Над домиком тенью нависала гора, с которой, как на ладони, весь город было видать. Называли эту гору «горой самоубийцы» и недобрая славушка шла о ней. Редкий горожанин отваживался под вечер в одиночку пойти на эту гору, а пастухи так даже днем норовили обойти ее сторонкой. Досужие языки болтали, что видели самоубийцу своими глазами, бродит, мол, бедняга, и веревка на шее болтается. А был этот самоубийца никем другим, как другов Петровича и остальных трех станичников. Добрый был, говорят, казак, да вот лукавый попутал. Пришел раз черед на него скот гнать, а он возьми да и пропади на целую неделю. А вернулся под хмельком и с пустыми карманами. А дружки к нему: где, говорят, денежки? Нашло отвечает он им, ребятушки, чевой-то, уж и сам не знаю как все деньги пропил — растранжирил. Что, говорит, теперича я буду делать? А кто-то из них возьми да и брякни в сердцах: Ды хучь повесси! Ну он вышел будто за нуждой, а сам на горку да и повесился там. Вот и не стало казака, и остались друзья вчетвером век доживать…
Все они были старыми служивыми, с урядничьими лычками, в кавалерах Св. Георгия ходили. Дослужились бы они и до офицерского чина, кабы не чертова революция. А тут, вишь, изволь быкам хвосты крутить да по босанским горам скот гонять. Обидно, конечно, старикам было. Жили они дружно, друг-друга уважали, обращались на «ты», а величали все же по имени-отчеству, не иначе. Бывалыча, поругаются, да как загнут друг дружку, а все по имени-отчеству.

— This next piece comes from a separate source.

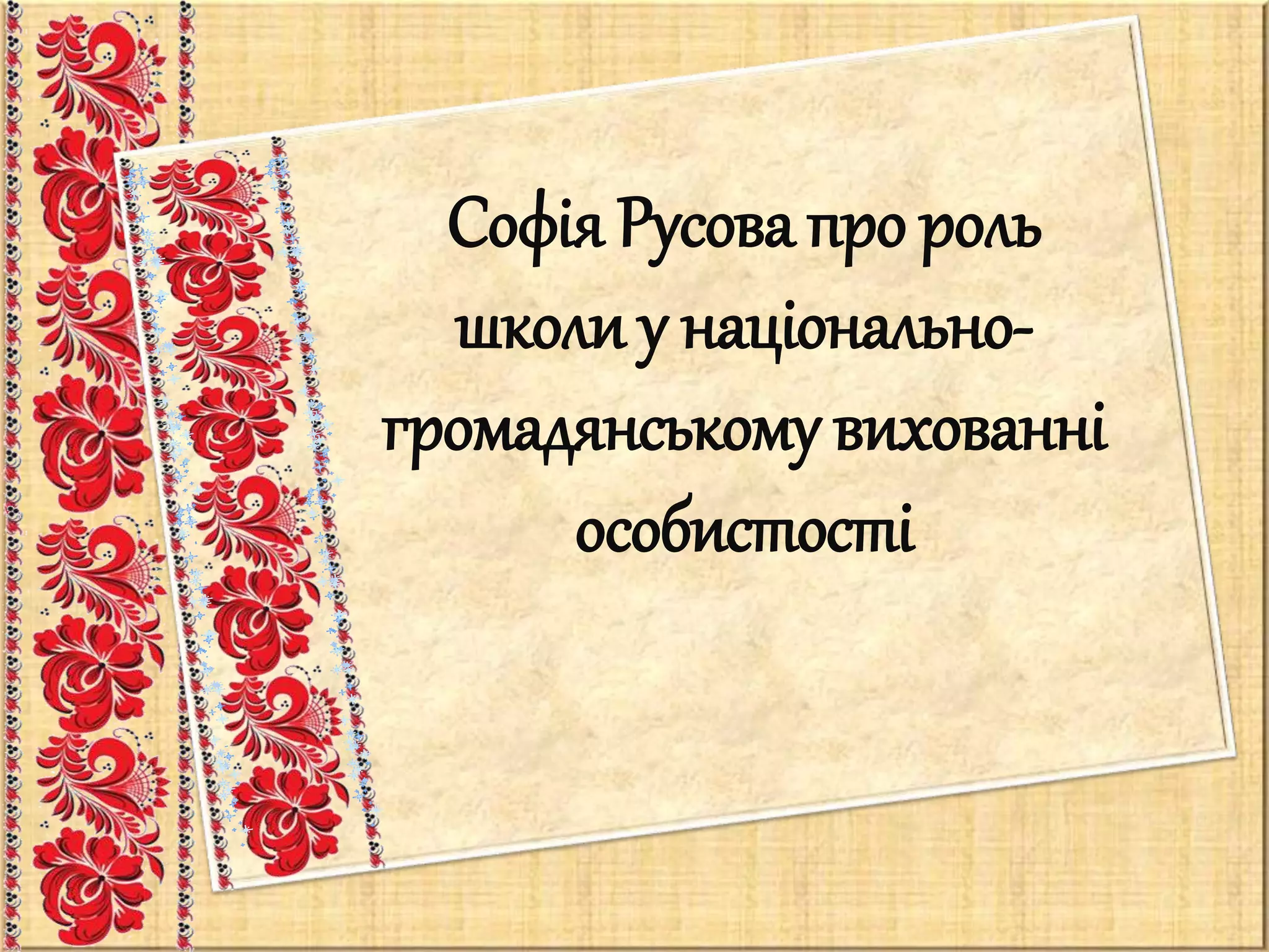 рідним вишиванням, хай сама школа нагадує колишні українські

Тянуло меня к ним во-как! Как только удавалось, захаживал я в их домишко, уж больно влекла меня их своеобразная речь, какие-то особенные, неслыханные обороты, каких не услышать было в офицерской среде. В моем юношеском воображении они совершенно заслоняли и затмевали собой высококультурных представителей казачьей среды, с которой я сталкивался ежедневно. После Петровича и его дружков казались мне мои воспитатели как будто уж и не настоящими, не «прирожденными», так просто копией шаркуна из петербургской гостиной. А в маленьком куреньке ожидал меня другой, сказочный мир — казалось, сама степь дышала на тебя и сидел ты с какими-то пращурами твоими — не то со подвижниками Ермака, не то Степана Разина, не то Кондратия Булавина. Помню, как затаив дыхание прислушивался я к их разговорам, стараясь запомнить их выражения, тексты и манеру их песен, и вообще все, что с ними было связано.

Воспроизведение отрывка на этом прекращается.